Network Outages (1 comment)
Saturday, August 27, 0237 Central Time:
I'm pulled into consciousness by something loud. I find my way out of bed. The floor, cold and hard, greets my feet.
The alarm clock. Walk over, flip the switch. That should be the end of the racket. Bathroom next, then clothes.
Wait.
I force my eyes to focus on the green figures. That's early... too early for the Listserv migration. Or is it? I have a condition. I get confused sometimes when I haven't had my nap.
Walk over, flip the switch. The numbers change to 7:20. Damn thing isn't supposed to go off for almost five hours. Then what? It must be that god-damned pager.
Still barely able to think, I try to find my pants. I usually leave them by the cell phone chargers, but not tonight. I stumble across the cool almost-wooden floor toward my dresser, nearly falling over a hamper of clean laundry on the way. I once again find myself in front of the glow of the clocks. I feel around with my foot. There's something odd there. It's lumpy and hard and moving.
My keys!
I pick up my pants, feel around the belt, and grab my pager. I need to find some light to read why the damn thing was so upset. I should have remembered that the pager's got a back light, but like I said, I've got a condition.
There's the hallway, flooded with moonlight. Finally, I can see something. Not enough to read the pager's display, though. I step in the guest bathroom and flip the switch.
Pain.
I open my eyes to a squint just long enough to read the news: SSH to bismarck failed. That son of a bitch.
Down the stairs in the moonlight, across the front room to the datacenter, where I'm greeted by a familiar blue glow.
The pager, my personal siren, screams its song of hate.
Another system.

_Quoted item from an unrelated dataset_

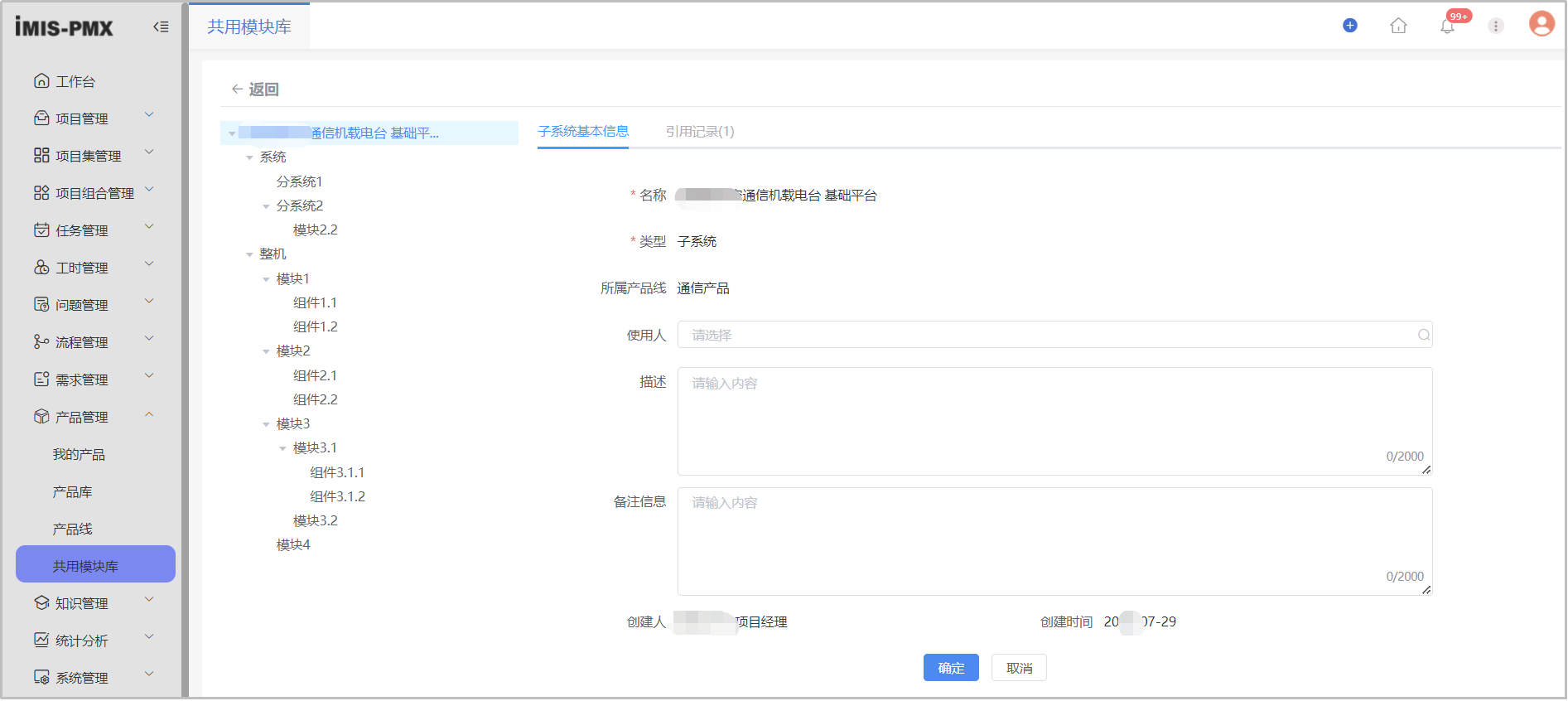 3) 支持cbb管理:共用基础模块cbb(common building block, cbb)是指在不同产品、系统之间可以共用的零部件、模块、技术及其他相关的设计成果。通过使用cbb,研发团队可以避免重复设计和开发相同的功能,从而加快产品上市时间并提高产品质量。imis-pmx支持管理cbb平台或子系统,支持基于cbb导入创建产品结构,支持在项目中引用cbb和更新版本。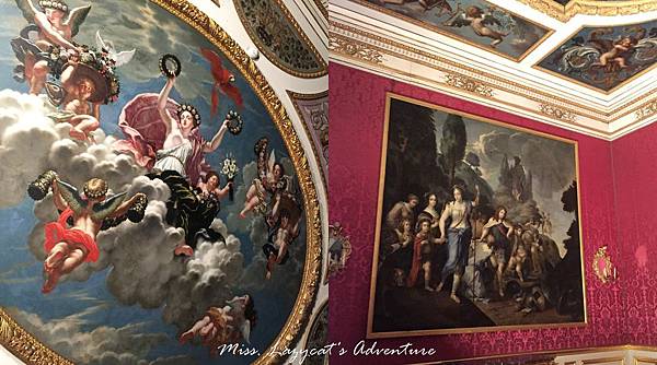 四面八方都是美到讓人窒息的裝飾及畫作,不想看都不行! 抬起頭,天花板也令人驚嘆!

Coincidence? It can't be, not like this. There's something larger at work here, and I need to get to the bottom of it.
I'm beginning to feel alert. There's the keyboard. Sit down, move the mouse. The monitor comes out of suspend mode and I feel for it. I'm sorry buddy, but we're in this together.
It's time for action. I jump to my SSH window that's connected to eddie. It's not responding. Shit.
I throw open a new tab in Firefox. First step: turn off the automated paging. I send my browser on its way, but I'm met with failure. Ok, maybe it's localized. Try status.uiuc.edu. Same thing.
Now what?
I know it's a network problem. I know that if things aren't fixed soon, my pager will only get worse. I know that it's out of my hands. I know that if I'm needed, the opcenter will call my cell phone.
I turn the pager off and go to bed.
At 0720, the alarm goes off. It's calmer this time. I've got scheduled maintenance. sunlight is making its way around the curtains, so I make my way downstairs without issue. Status loads. They've at least fixed that. But it tells me that UIUCNet is still in an awfully sorry state and the Listserv work has been postponed.
Back to bed.
As if that weren't enough, a crucial (for me) part of SBC's network broke in Chicago yesterday. It got fixed in such a way that my router got caught in a state where it could ping a few hops into SBC's network, but it couldn't get to anything useful. As a result, my script that pings SBC's DNS servers every five minutes and reboots the switch in the case of failure didn't reboot it that one last time that was needed. Around midnight, I manually power-cycled it and things got be'ah.
Since the advertised URL for my website (ck.cx) uses both my DSL and UIUCNet, that amounts to a total of 28 hours of network unavailability over three days. That pulls me down to two 9's of website availability this year:
((365*24)-28)/(365*24) = .9968